7732  Bitcoin / Development & Technical Discussion / Re: Switch to GPL on: January 19, 2011, 04:03:20 PM
I don't know if you have problems with restricting the freedom of restricting freedom. Has Alice the freedom to put Bob in prison, or should we restrict Alice's freedom in order to protect Bob's ?

It's not about "freedom", but property rights. Any enforcement of copyright allows you to control my use of my real property. In your example, Alice would be infringing on Bob's ownership of his own body, which would not be OK.
7733  Bitcoin / Development & Technical Discussion / Re: Switch to GPL on: January 19, 2011, 03:57:17 PM
david@bankbox:~$ bitcoin validateaddress 1F417eczAAbh41V4oLGNf3DqXLY72hsM7
{
    "isvalid" : false
}


Interesting -- the checksum for that address is wrong. Maybe a bug in Bitcoin? The actual address seems to be:
1F417eczAAbh41V4oLGNf3DqXLYBmgs6s
7734  Economy / Economics / Re: Timecoin on: January 18, 2011, 08:36:50 PM
Isn't this possible?

Bitcoin clients will always ignore invalid blocks, no matter how long the Timecoin chain is. Timecoin could treat Bitcoin blocks as valid, but this would result in Timecoin being identical to Bitcoin unless Timecoin becomes bigger.
7735  Bitcoin / Development & Technical Discussion / Re: bitcoind command help (extended descriptions) on: January 18, 2011, 12:03:33 PM
Anyone got an answer?

listreceivedbyaddress 0 true
7736  Other / CPU/GPU Bitcoin mining hardware / Re: Linux GPU Mining - Efficiency and Optimization on: January 17, 2011, 11:21:21 PM
That data was compiled by ArtForz, who is using more efficient mining code. Those might also be theoretical maximums.
7737  Economy / Marketplace / Re: The Bitcoin Times on: January 17, 2011, 10:39:33 PM
There needs to be more content. Ideas:
- A summary of all recently-launched Bitcoin sites.
- Economic articles.
- Speculation/fiction about the future of Bitcoin.

I didn't learn much from the interview because most of that information is already on the wiki. An article based on the interview would have been more interesting.
7738  Bitcoin / Development & Technical Discussion / Re: Obvious threat to Bitcoin? on: January 17, 2011, 08:49:02 AM
It would appear I am doing something incorrectly then.

That's an issue with a third-party miner/pool, not Bitcoin. Not everyone needs to be a miner, so this problem is not a "threat to Bitcoin".

Pooled mining doesn't use port 8333, and you can do it without even running Bitcoin, so this is probably something else. Try using a different miner. Maybe your firewall or router is blocking outbound port 8332.
7739  Bitcoin / Development & Technical Discussion / Re: Obvious threat to Bitcoin? on: January 17, 2011, 07:14:48 AM
Even if the port was changed, Bitcoin messages are easily identifiable, as they are not encrypted and always start with the same four bytes. Instead of adding complex steganography/encryption to Bitcoin, Bitcoin is capable of running over Tor, which has done all of that work already.

Quote from: tashlan
It is also unclear to me how other clients will respond to a client attempting to use a non-standard port.
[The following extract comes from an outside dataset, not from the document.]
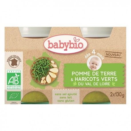 Babybio Petits Pots Pomme De Terre Haricots Verts Bio - Dès 4 Mois - 2 X. Ingrédients : Pommes de terre du val de Loire*...
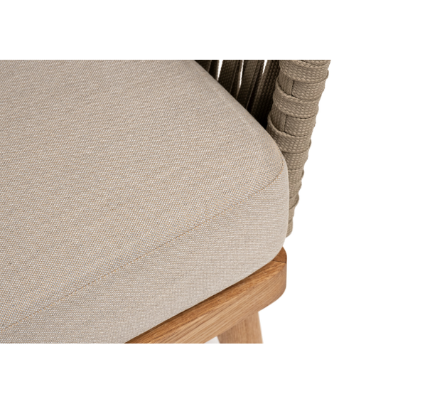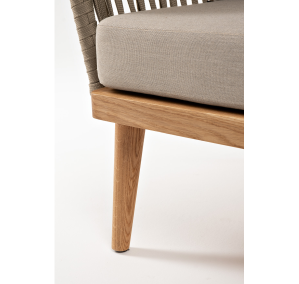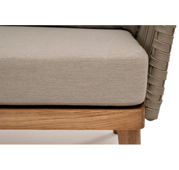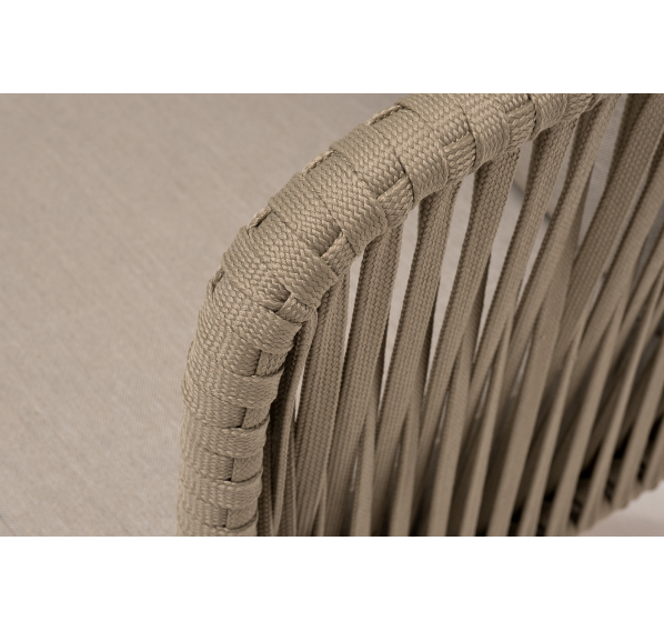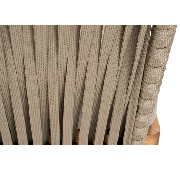 Боковины каркаса и спинка вручную оплетены роупом - эластичными синтетическими лентами, изготовленными из высокопрочных полиэфирных волокон. Цвет оплетки - серо-коричневый. Основание - дуб.

Bitcoin prefers not to make outbound connections to non-standard ports, so you wouldn't get any incoming connections. You could still connect, though.

Quote
Some equipment provided by ISP's (Residential Gateway's) do not allow for opening of an incoming port entirely and only allow selectively opening (port forwarding vs opening the port) thus limiting that household's ability to participate.

You don't need any open ports to connect.
7740  Bitcoin / Bitcoin Discussion / Re: The Bitcoin Report on: January 16, 2011, 07:24:46 PM
This was actually a test payment Satoshi sent to me during debugging. I see in my email logs I offered to send it back but it seems I didn't.  Huh  It was an IP-address based payment.

Do you still have that coin? It's probably already worth 300+ BTC in collector value, and this will increase.